Best Sit Ups
December 7, 2009 by admin
Filed under Health and Fitness
Sit ups are exercises meant to stimulate the upper, lower and oblique abdominal muscles, depending on how they are performed. The best sit ups lead to a superior abdominal strength but results come after consistent training. All beginners start sit ups by lying down on the floor with the hands at the back of the head, lifting up from the floor and lowering down again in repeated moves. At first, the movement seems difficult, but with practice you get used to it; then, it’s time to increase the difficulty.
The ab exercises need to get more difficult as the body training progresses. The best sit ups for an intermediate level may be performed on a Swiss ball or an incline bench. The difficulty could also be increased by putting a weight on the chest while exercising. Once you no longer have problems performing an exercise, you need to move on the superior training level. Use heavier weights or change the legs position when performing the sit ups. You’ll see for yourself how hard it becomes to do the sit ups with the legs lifted in the air.

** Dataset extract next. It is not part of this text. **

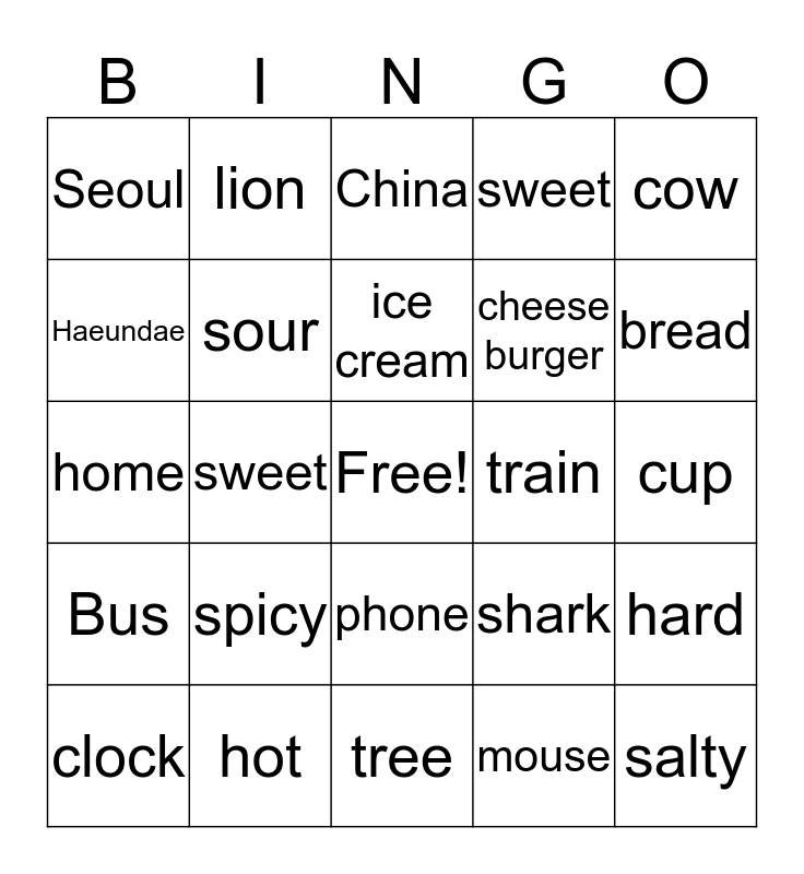 This bingo card has a free space and 37 words: kimchi, nuts, lemons, sour, hard, spicy, ice cream, perfect, cow, chocolate, sweet, sweet, salty, cup, Haeundae, Bus, Busan, China, phone, train, Seoul, bread, clock, tree, pig, mouse, lion, pizza, school, English, cold, hot, home, desk, shark, cheese burger and shoes.

Pedaling is also possible while doing sit ups, but the advanced will handle such exercises most of the times. The best sit ups for superior training levels include leg movement with the left knee touching the right elbow and the right knee the left elbow, while you keep the hands behind your head. There are a few tricks and tips designed to boost the efficiency of the best sit ups. For instance, the training improves if you keep the abdominal muscles tight while sitting up. Once you get in the maximum raised position you should hold it for a second before bringing the torso back on the ground.
Watch the hands position. The exercises are easier when you hold them behind the head, but the best sit up are those that are performed without any head support. From behind the head, you can move the hands to the sides, then on the chest and finally on the sides when the time is right. The sit ups can further be combined with twisting crunches in order to train the obliques or the waist muscles too. After you lift the shoulder blades make a twist to the side instead of bringing the torso to a vertical position. All the abdominal muscles can thus be worked at once.